● Your objective:
Return only that part of the material below which starts with the line containing "Mayıs 2025’te kurulan" and goes on through the line containing "启动仪式上,校党委书记饶卫、", restated exactly.

● Available data:
____

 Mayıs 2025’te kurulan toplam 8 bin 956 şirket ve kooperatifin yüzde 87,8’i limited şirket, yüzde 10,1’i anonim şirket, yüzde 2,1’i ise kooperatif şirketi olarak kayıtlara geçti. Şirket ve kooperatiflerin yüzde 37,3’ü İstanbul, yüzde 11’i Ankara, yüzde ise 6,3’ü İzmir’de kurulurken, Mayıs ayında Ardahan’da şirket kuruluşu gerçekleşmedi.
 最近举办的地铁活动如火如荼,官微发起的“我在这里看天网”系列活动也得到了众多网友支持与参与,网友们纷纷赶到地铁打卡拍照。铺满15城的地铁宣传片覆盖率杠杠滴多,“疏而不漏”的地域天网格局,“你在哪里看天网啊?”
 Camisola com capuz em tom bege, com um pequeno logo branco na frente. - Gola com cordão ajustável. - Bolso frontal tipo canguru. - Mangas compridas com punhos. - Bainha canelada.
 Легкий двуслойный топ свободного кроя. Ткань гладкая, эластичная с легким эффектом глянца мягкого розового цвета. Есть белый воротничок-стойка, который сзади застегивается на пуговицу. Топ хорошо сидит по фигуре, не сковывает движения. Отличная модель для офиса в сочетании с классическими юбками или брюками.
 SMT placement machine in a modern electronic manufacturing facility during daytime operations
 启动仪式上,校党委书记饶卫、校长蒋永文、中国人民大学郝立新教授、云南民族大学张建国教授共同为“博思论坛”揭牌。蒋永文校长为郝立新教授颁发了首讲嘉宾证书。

____

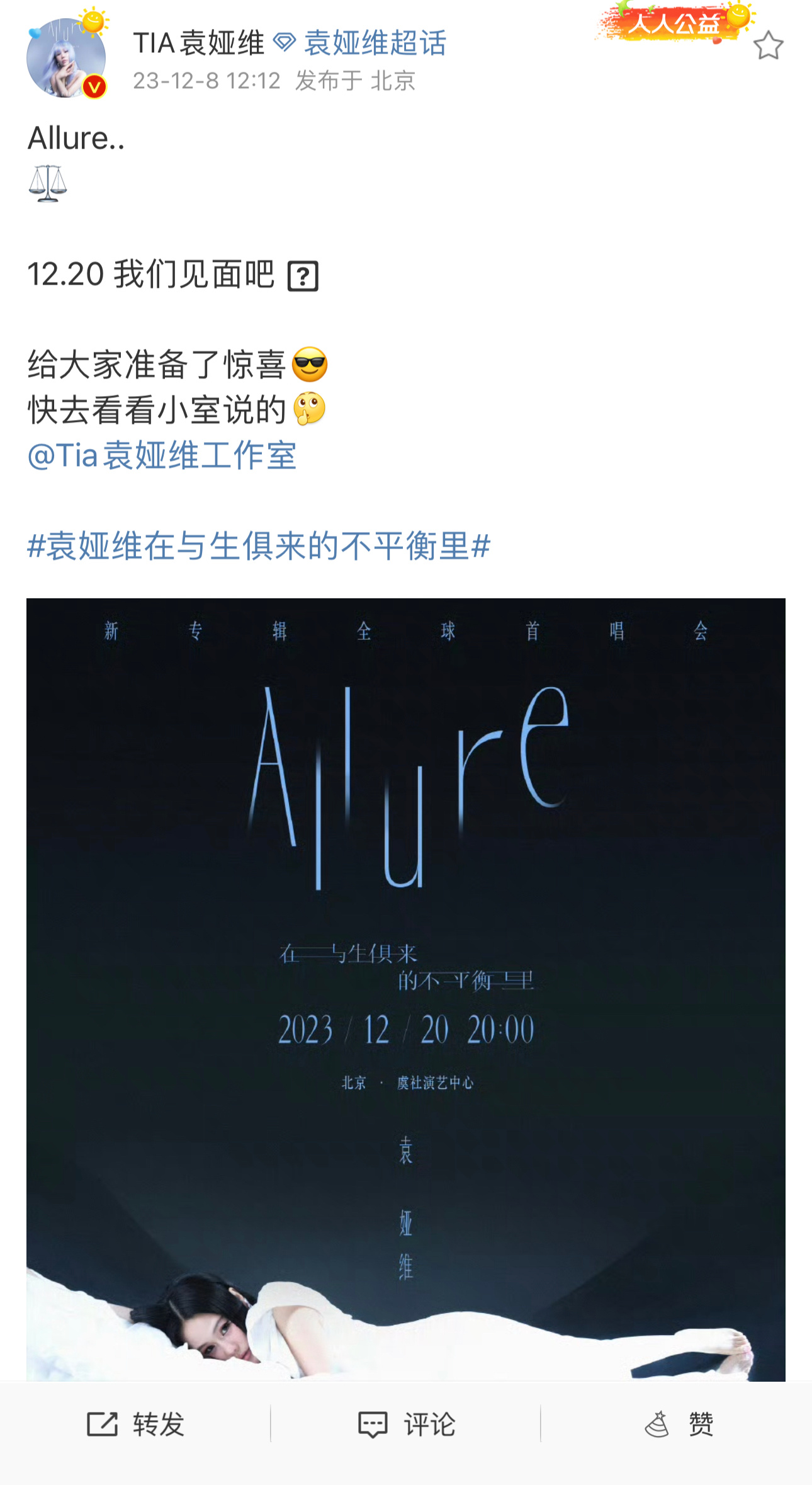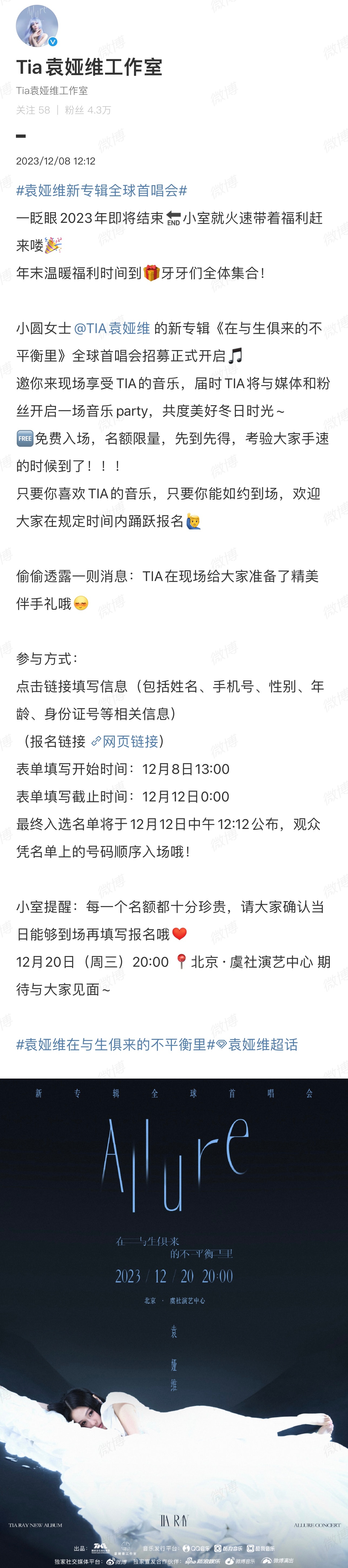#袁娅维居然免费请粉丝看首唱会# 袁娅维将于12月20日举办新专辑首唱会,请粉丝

____

● Solution to the exercise:
 Mayıs 2025’te kurulan toplam 8 bin 956 şirket ve kooperatifin yüzde 87,8’i limited şirket, yüzde 10,1’i anonim şirket, yüzde 2,1’i ise kooperatif şirketi olarak kayıtlara geçti. Şirket ve kooperatiflerin yüzde 37,3’ü İstanbul, yüzde 11’i Ankara, yüzde ise 6,3’ü İzmir’de kurulurken, Mayıs ayında Ardahan’da şirket kuruluşu gerçekleşmedi.
 最近举办的地铁活动如火如荼,官微发起的“我在这里看天网”系列活动也得到了众多网友支持与参与,网友们纷纷赶到地铁打卡拍照。铺满15城的地铁宣传片覆盖率杠杠滴多,“疏而不漏”的地域天网格局,“你在哪里看天网啊?”
 Camisola com capuz em tom bege, com um pequeno logo branco na frente. - Gola com cordão ajustável. - Bolso frontal tipo canguru. - Mangas compridas com punhos. - Bainha canelada.
 Легкий двуслойный топ свободного кроя. Ткань гладкая, эластичная с легким эффектом глянца мягкого розового цвета. Есть белый воротничок-стойка, который сзади застегивается на пуговицу. Топ хорошо сидит по фигуре, не сковывает движения. Отличная модель для офиса в сочетании с классическими юбками или брюками.
 SMT placement machine in a modern electronic manufacturing facility during daytime operations
 启动仪式上,校党委书记饶卫、校长蒋永文、中国人民大学郝立新教授、云南民族大学张建国教授共同为“博思论坛”揭牌。蒋永文校长为郝立新教授颁发了首讲嘉宾证书。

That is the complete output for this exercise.